Description of the task:
Retype the whole listing, please, keeping every line exact and dropping the pictures.

Dataset content:

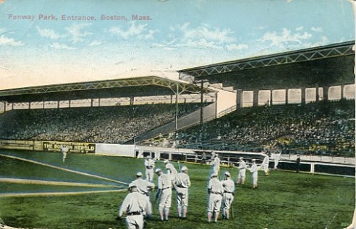 Postcard Israelson & Co. Fenway Park Entrance Boston USA 1915 colourill. Legendary Home of the Boston Red Sox. posted/postgånget.
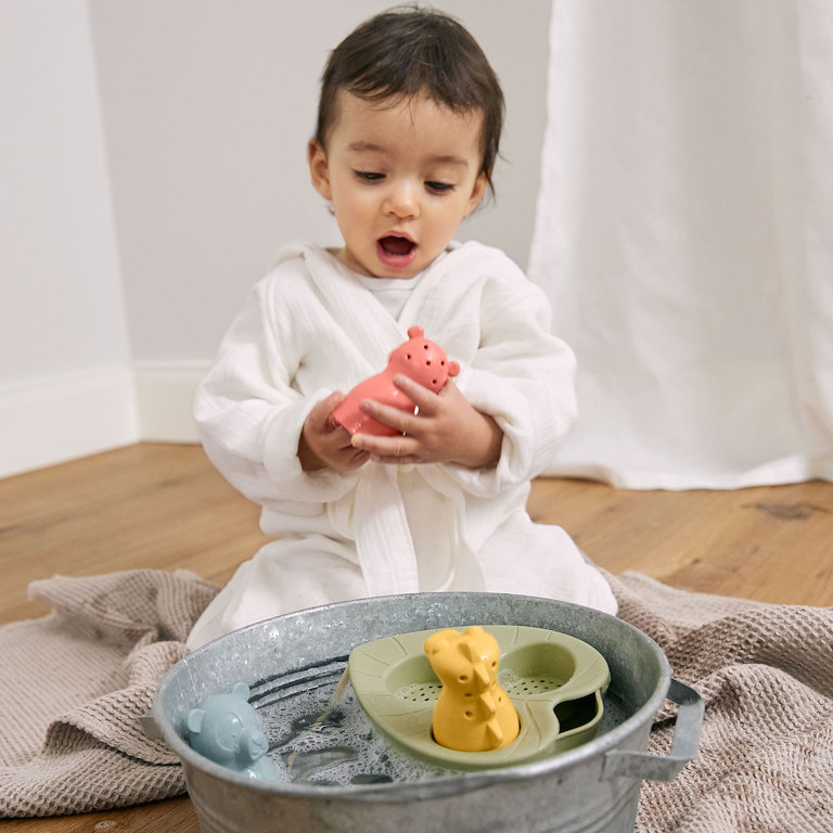 Boat Toy Set Water Friends olive je jedným z ďalších výrobkov značky Lässig, vyznačujúcim sa vysokou kvalitou materiálov, ich spracovaním a svojou funkčnosťou. Štvordielna sada hračiek je pripravená na veľkolepú plavbu okolo sveta. Skladá sa z lodi v tvare tropického listu a troch zvieracích pasažierov, ktorí pochádzajú z rôznych kontinentov. Vaše dieťa môže dať priechod svojej kreativite a užiť si zábavu ako vo vode, tak na piesku.
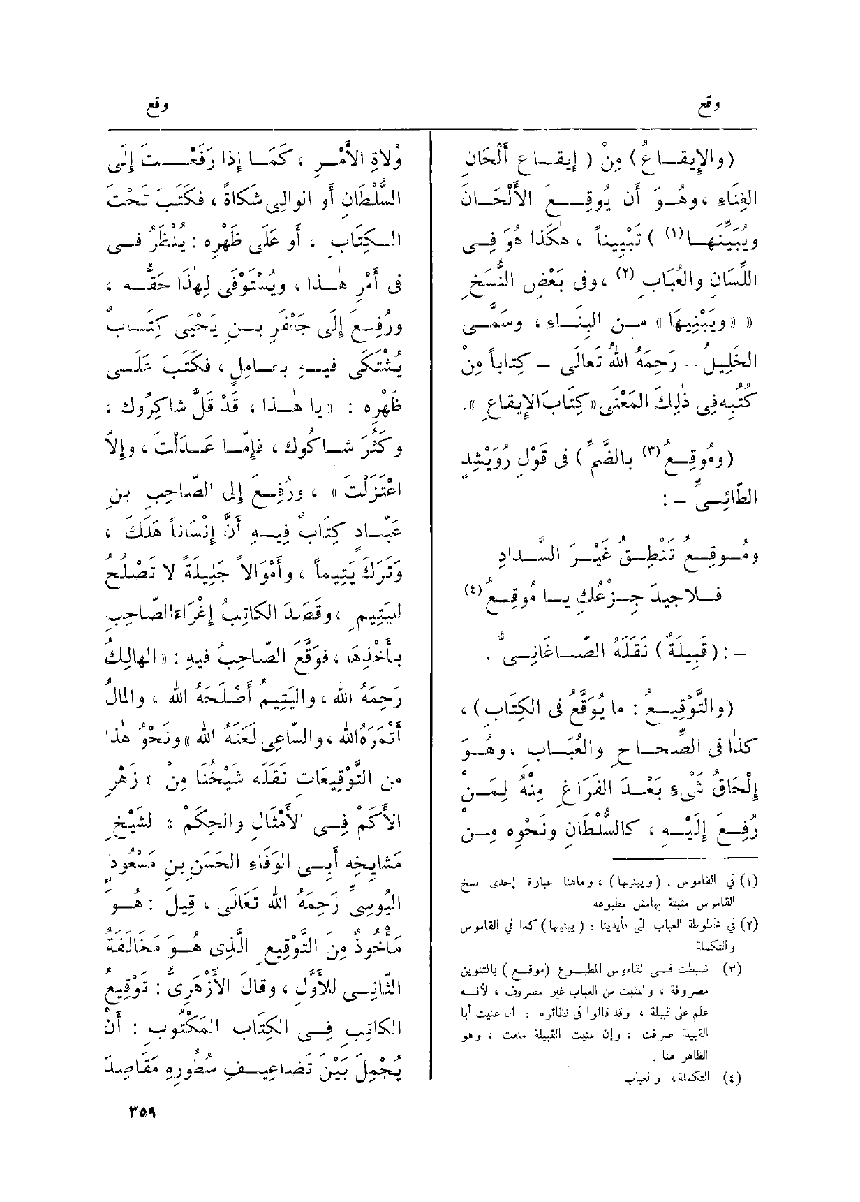 } والتَّوْقِيعُ: مَا {يُوَقَّعُ فِي الكتابِ، كَذَا فِي الصِّحاحِ والعُبابِ، وهوَ إلْحَاقُ شَيءٍ بعْدَ الفَرَاغِ منْهُ لمَنْ رُفِعَ إليْهِ، كالسُّلطانِ ونَحْوه منْ وُلاةِ الأمْرِ، كَمَا إِذا رَفْعَتَ إِلَى السّلْطَانِ أَو الْوَالِي شَكاةً، فكتَبَ تحتَ الكِتابِ، أَو على ظَهْرِه: يُنْظَرُ فِي أمْرِ هَذَا، ويُسْتَوْفَى لهَذَا حَقُّه، ورُفِعَ إِلَى جَعْفَرِ بنِ يَحْيَى كِتابٌ يُشْتَكَى فيهِ بعامِلٍ، فكتبَ على ظَهْرهِ: يَا هَذَا، قدْ قَلَّ شاكِرُوك، وكَثُرَ شاكُوك، فإمّا عَدَلْتَ، وَإِلَّا اعْتَزَلْتَ، ورُفِعَ إِلَى الصّاحبِ بنِ عَبّادٍ كِتابٌ فيهِ أنَّ إنْسَاناً هَلَكَ، وتَرَكَ يَتِيماً، وأمْوالاً جَلِيلَةً لَا تَصْلُحُ لليَتِيمِ، وقَصَدَ الكتِبُ إغْرَاءَ الصّاحِبِ بأخْذِهَا، فوَقَّعَ الصّاحِبُ فيهِ: الهالِكُ رَحِمَهُ الله، واليتيمُ أصْلَحَهُ الله، والمالُ أثْمَرَهُ اللهُ، والسّاعِي لَعَنَهُ الله، ونَحْوُ هَذَا من} التَّوقيعاتِ نَقَلَه شَيْخُنا منْ زوَهْرِ الأكَمْ فِي الأمْثَالِ والحِكَمْ لشَيْخِ مَشايِخِه أبي الوَفَاءِ الحَسَن بنِ مَسْعُودٍ اليُوسِيِّ رَحِمَهُ الله تَعَالَى، قيلَ: هُوَ مأْخُوذٌ منَ التَّوقِيعِ الّذِي هوَ مخالَفَةُ الثانِي للأوَّلِ، وقالَ الأزْهَرِيُّ:! تَوْقِيعُ الكاتِبِ فِي الكتابِ المَكْتُوبِ: أنْ يُجْمِلَ بَيْنَ تَضاعِيفِ سُطُورِه مَقَاصِدَ

Response:
 Postcard Israelson & Co. Fenway Park Entrance Boston USA 1915 colourill. Legendary Home of the Boston Red Sox. posted/postgånget.
 Boat Toy Set Water Friends olive je jedným z ďalších výrobkov značky Lässig, vyznačujúcim sa vysokou kvalitou materiálov, ich spracovaním a svojou funkčnosťou. Štvordielna sada hračiek je pripravená na veľkolepú plavbu okolo sveta. Skladá sa z lodi v tvare tropického listu a troch zvieracích pasažierov, ktorí pochádzajú z rôznych kontinentov. Vaše dieťa môže dať priechod svojej kreativite a užiť si zábavu ako vo vode, tak na piesku.
 } والتَّوْقِيعُ: مَا {يُوَقَّعُ فِي الكتابِ، كَذَا فِي الصِّحاحِ والعُبابِ، وهوَ إلْحَاقُ شَيءٍ بعْدَ الفَرَاغِ منْهُ لمَنْ رُفِعَ إليْهِ، كالسُّلطانِ ونَحْوه منْ وُلاةِ الأمْرِ، كَمَا إِذا رَفْعَتَ إِلَى السّلْطَانِ أَو الْوَالِي شَكاةً، فكتَبَ تحتَ الكِتابِ، أَو على ظَهْرِه: يُنْظَرُ فِي أمْرِ هَذَا، ويُسْتَوْفَى لهَذَا حَقُّه، ورُفِعَ إِلَى جَعْفَرِ بنِ يَحْيَى كِتابٌ يُشْتَكَى فيهِ بعامِلٍ، فكتبَ على ظَهْرهِ: يَا هَذَا، قدْ قَلَّ شاكِرُوك، وكَثُرَ شاكُوك، فإمّا عَدَلْتَ، وَإِلَّا اعْتَزَلْتَ، ورُفِعَ إِلَى الصّاحبِ بنِ عَبّادٍ كِتابٌ فيهِ أنَّ إنْسَاناً هَلَكَ، وتَرَكَ يَتِيماً، وأمْوالاً جَلِيلَةً لَا تَصْلُحُ لليَتِيمِ، وقَصَدَ الكتِبُ إغْرَاءَ الصّاحِبِ بأخْذِهَا، فوَقَّعَ الصّاحِبُ فيهِ: الهالِكُ رَحِمَهُ الله، واليتيمُ أصْلَحَهُ الله، والمالُ أثْمَرَهُ اللهُ، والسّاعِي لَعَنَهُ الله، ونَحْوُ هَذَا من} التَّوقيعاتِ نَقَلَه شَيْخُنا منْ زوَهْرِ الأكَمْ فِي الأمْثَالِ والحِكَمْ لشَيْخِ مَشايِخِه أبي الوَفَاءِ الحَسَن بنِ مَسْعُودٍ اليُوسِيِّ رَحِمَهُ الله تَعَالَى، قيلَ: هُوَ مأْخُوذٌ منَ التَّوقِيعِ الّذِي هوَ مخالَفَةُ الثانِي للأوَّلِ، وقالَ الأزْهَرِيُّ:! تَوْقِيعُ الكاتِبِ فِي الكتابِ المَكْتُوبِ: أنْ يُجْمِلَ بَيْنَ تَضاعِيفِ سُطُورِه مَقَاصِدَ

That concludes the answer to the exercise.